Need Solution for R.D.Sharma Maths Class 12 Chapter 30 Probability  Exercise 30.5 Question 21 Maths Textbook Solution.

Answers (1)

Answer: \frac{2}{3}

Hint:  P=P\left ( A\cap B\cap \bar{C} \right )U\: P\left ( A\cap \bar{B}\cap{C} \right )U\: P\left ( \bar{A}\cap B\cap C \right )

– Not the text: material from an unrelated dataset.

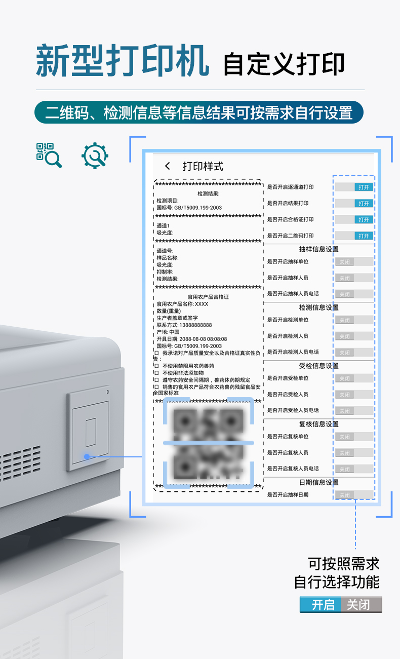 | 儀器采用臺式一體化系統(tǒng)檢測技術(shù),將分光光度模塊、膠體金檢測模塊、新型農(nóng)殘檢測模塊、數(shù)字化管理模塊、無線通訊模塊高度集成于一體,支持檢測200種食品安全檢測項目,同時預(yù)留升級檢測方法。 | 儀器檢測模塊標(biāo)準(zhǔn)化、智能化,可隨意自由組合。檢測箱體內(nèi)置多個標(biāo)準(zhǔn)檢測單元,檢測模塊可以調(diào)整配置。 | 顯示屏幕:儀器采用10.1英寸豎向液晶觸摸屏顯,搭配運(yùn)行安卓智能操作系統(tǒng),主控芯片采用ARM Cortex-A7,RK3288/4核處理器,主頻1.88Ghz,操作方便,性能更強(qiáng)。 | 檢測通道:≥12通道;采用精密旋轉(zhuǎn)比色池設(shè)計,使用同芯片同光源校準(zhǔn)精度,解決不同光源之間的誤差值。1-12通道間誤差0.1%。(***:**202022821055.2) | 儀器光源:高精度進(jìn)口四波長冷光源,每個通道均配置 410、520、590、630nm 波長光源,標(biāo)配**的光路切換裝置,專利光路切換功能可實(shí)現(xiàn)64波長,并且所有檢測項目可實(shí)現(xiàn)所有通道同時檢測。 | 設(shè)備可一鍵校準(zhǔn),自動保存校準(zhǔn)數(shù)據(jù),自動對比校驗(yàn),得到精準(zhǔn)光源,采用Android SP存儲數(shù)據(jù),光源數(shù)據(jù)永不丟失,方便每一次使用。 | 通訊接口: 配備無線通信模塊、可選配4G(APN)通訊模塊和藍(lán)牙傳輸,同時具有雙USB接口以及RJ45網(wǎng)線接口,可以多方式實(shí)現(xiàn)數(shù)據(jù)保存及數(shù)據(jù)傳輸。 | 存儲方式: 支持U盤存儲,標(biāo)準(zhǔn)USB接口,免驅(qū)動安裝。檢測結(jié)果存儲容量20萬條以上,可生成Excel表格進(jìn)行拷貝,并具有登錄保護(hù)功能。 | 智能化操作系統(tǒng): | 操作系統(tǒng):儀器可在同一檢測界面自動對應(yīng)相關(guān)檢測通道,一次性選擇1-12個樣品名稱,無需退出界面,節(jié)省操作時間。并可以對每個通道屬性和樣品信息單獨(dú)進(jìn)行編輯,例如送檢單位、人員,檢測人員等,打印時勾選打印顯示。 | 數(shù)據(jù)集成系統(tǒng):設(shè)備首頁自動匯總分析檢測數(shù)據(jù),包含:周檢測數(shù)據(jù)、月檢測數(shù)據(jù),全部檢測總數(shù)量,均包含檢測總數(shù),合格數(shù),不合格數(shù),以及相關(guān)柱形分析圖,各項檢測數(shù)據(jù)一目了然,無需電腦查詢,更加快捷直觀。 | 數(shù)據(jù)庫系統(tǒng):十幾項數(shù)據(jù)庫分類管理儀器:包含項目類型、項目數(shù)據(jù)、檢測數(shù)據(jù)、歷史記錄、國標(biāo)信息、曲線信息、采樣信息、檢測信息、受檢信息、復(fù)核信息、圖表信息、光源校準(zhǔn)信息、打印樣式信息、樣品庫信息等等,數(shù)據(jù)庫之間互相協(xié)調(diào)聯(lián)動保證數(shù)據(jù)的真實(shí)完整性。同時產(chǎn)品數(shù)據(jù)庫以及歷史檢測記錄支持一鍵檢索功能。 | 限量規(guī)判系統(tǒng):具有限量查詢、添加物質(zhì)合規(guī)判定系統(tǒng)。檢測出結(jié)果后,系統(tǒng)自動調(diào)用系統(tǒng)數(shù)據(jù)庫中相關(guān)國標(biāo)進(jìn)行比對判定,客觀顯示判定結(jié)果是否合格。 | 項目預(yù)設(shè)系統(tǒng):儀器具有任務(wù)預(yù)設(shè)模塊,一鍵提前預(yù)設(shè),給出方便快捷的新檢測方案,每一個任務(wù)分別可以設(shè)置不同的樣品、批次、編號、來源、備注、抽樣信息、檢測信息、受檢信息、復(fù)核信息等更多信息。樣品送檢時一鍵調(diào)取保存信息,并可多次調(diào)取,大大提高檢測效率。 | 數(shù)據(jù)監(jiān)管系統(tǒng):同步對接監(jiān)管平臺,數(shù)據(jù)可局域網(wǎng)和互聯(lián)網(wǎng)數(shù)據(jù)上傳,檢測結(jié)果可選擇直接傳至食品安全監(jiān)管平臺。進(jìn)行區(qū)域食品安全監(jiān)管及大數(shù)據(jù)分析處理與數(shù)據(jù)統(tǒng)計,檢測區(qū)域食品安全長短期動態(tài),達(dá)到食品安全問題預(yù)估、預(yù)警。 | 打印系統(tǒng):內(nèi)置全新打印機(jī),新創(chuàng)自定義打印方式,可按需靈活勾選控制:產(chǎn)品合格證(國家農(nóng)業(yè)部標(biāo)準(zhǔn)要求),二維碼,抽樣信息、檢測信息,受檢信息、復(fù)核信息、抽樣日期、檢測日期等信息的打印。 | 供電模式:儀器交直流兩用,直流12V供電,可連接車載電源,可配6ah大容量充電鋰電池,電量可實(shí)時顯示,方便戶外流動測試。 | 膠體金檢測模塊:采用單通道CMOS成像處理技術(shù)及膠體金免疫層析技術(shù),可讀取膠體金卡數(shù)據(jù),自動采集、處理分析,將檢測結(jié)果顯示,并可根據(jù)參考限值自動判斷檢測結(jié)果,可檢測常見的獸藥殘留、生物毒素、抗生素、違禁添加物等。 | 探測技術(shù):CMOS成像探測; | 檢測通道:1個通道; | 檢測方式:消線法和比色法; | 顯示模式:陰性或陽性; | 曲線形式:直插式掃描方式,顯示金標(biāo)卡圖像,實(shí)時生成、識別CT曲線圖,無需手動調(diào)整,完成檢測后自動退出檢測卡。兼容市場上其他金標(biāo)卡,使用耗材不受限制。 | 儀器具備遠(yuǎn)程升級功能,可定向分客戶分儀器更新,開機(jī)后自動更新,并可持續(xù)性免費(fèi)更新系統(tǒng)版本,無需像傳統(tǒng)產(chǎn)品返廠更新,節(jié)省時間及人力成本并避免了物流運(yùn)輸返廠升級導(dǎo)致設(shè)備損壞的潛在風(fēng)險。 |

Given: A can hit a target 3 times in 6 shots

B can hita target 2 times in 6 shots

C can hita target 4 times in 4 shots

Solution:

\begin{aligned} &P(\text { A hits the target })=\frac{3}{6}=\frac{1}{2} \\ &P(\mathrm{~B} \text { hits the target })=\frac{2}{6}=\frac{1}{3} \\ &P(\mathrm{C} \text { hits the target })=\frac{4}{4}=1 \end{aligned}

P (atleast 2 shots hit) = P(exactly 2 shots hit)+P(all 3 shots)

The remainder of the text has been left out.